Philosophy – Greek philos “love” + sophos “wisdom” – exists not in the words or works of others or those long dead but wells up within our living selves in the form of our own love of wisdom. Respectfully, if we silence this love and don’t let it sing out into our lives to guide our path we ourselves are dead.
Nope, not that one, but he sounds like a stand up guy! I would have to agree with the timely comment though.
🙂
Yes. More balance, less hyper-intellectualization. But in a hyper-intellectualized culture, that means moving away from rationality and back toward emotionality and embracing/rediscovering emotion as equally necessary to cognition and reason.
Yes, less hyper-intellectualization and more balance. But in a hyper-intellectualized world, that means moving away from rationality and toward emotionality. It means becoming more emotional and accepting both intellect and emotion as equal balanced participants in their own way in our cognition and reason.
I like the tortoise and the hare analogy. But what if we left the competitive paradigm behind? What if we rather told a story of how the tortoise and the hare befriended each other and worked together, bringing each of their own unique talents together in a whole to benefit their collective good and the good of the forest they live in? I wonder what how that story would end and what it’s moral would be?
Excellent points regarding prior philosopher’s who have historically acknowledged the importance of emotions in our reason. But that’s not my point. My point is simply this – where is such an affective embrace today? I don’t see it. It has not historically taken hold. Emotions are far more denigrated and treated with suspicion from a cognitive perspective in our modern culture than intellect (as is evinced in some of the commentary offered regarding the piece). Thus my claim of modern hyper-intellectualization. I would recruit Hume and Spinoza in defense of the that point.
My argument against excess objectivity is less against objectivity and more its excess.
There are errors/illnesses of both excess objectivity and excess subjectivity. I argue more for balance and an embracing of both equally as necessary for reason. What is in opposition is not emotion and reason but emotion and intellect. The point is that it is the equal balance between the two that embodies true reason and wisdom. I simply make the argument that historically there has been much more said/written philosophically regarding the dangers of excess emotion than the dangers of excess intellect and that we currently live in a world with a hyper-intellectualized bias for intellectual cognition.
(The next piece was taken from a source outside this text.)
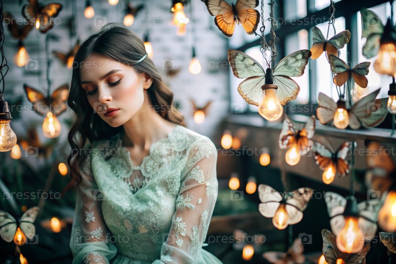 Портрет красивой девушки в зеленом платье среди многих подвешенных лампочек и бабочек, размахивающих вокруг нее

“René Descartes’ epistemic struggles led to his project of doubt that ended with his seminal thought “I think therefore I am,” which conspicuously excludes feelings from among the self-evident truths defining our existence.”
For Descartes, emotions are part of thought, so thinking does not exclude them. Indeed, he wrote an entire volume entitled “Passions of the Soul”, i.e., the mind, where he discusses the cognitive role and value of the emotions. The idea that Cartesian mind or thinking exludes the emotions is among the ‘stereotypes in circulation in the scientific world, especially in the English-speaking world’ (Denis Kambouchner, Descartes n’a pas dit […], Paris: Le Belles Lettres, p. 169).
As for the the author’s thoughts about technology and dehumanisation, that is an old trope, but I think we should at least consider the possiblity that it is technology that makes us human – humans are the tools using animals, par excellence.
My problem with excess objectivity is less the objectivity and more the excess. What is in opposition is not emotion and reason but emotion and intellect. Reason is the tense balanced incorporation of both as equally necessary for wisdom.
Your’s and other’s point about how other philosophers such as Hume and Spinoza (and I would add Kierkegaard) observed that our passions are integral to our reason is a good one. But my point here is that their ideas of emotional embrace haven’t endured in the culture. I don’t see them today in philosophy or the culture. Emotions are far more often denigrated and considered with suspicion in regards to knowledge in modern culture if not regarded as being in outright opposition to it (as evidenced by some of the commentary to this piece). Your example of “fake news” is a perfect example. Why do we attribute such things to emotion? Like all lies, is not fake news the strategic product of intellect trying to exert control over the world toward a willful end? The anger one feels at such untruth is in fact good and healthy. What would one be if one was not outraged by such things and the damage they sow in the collective?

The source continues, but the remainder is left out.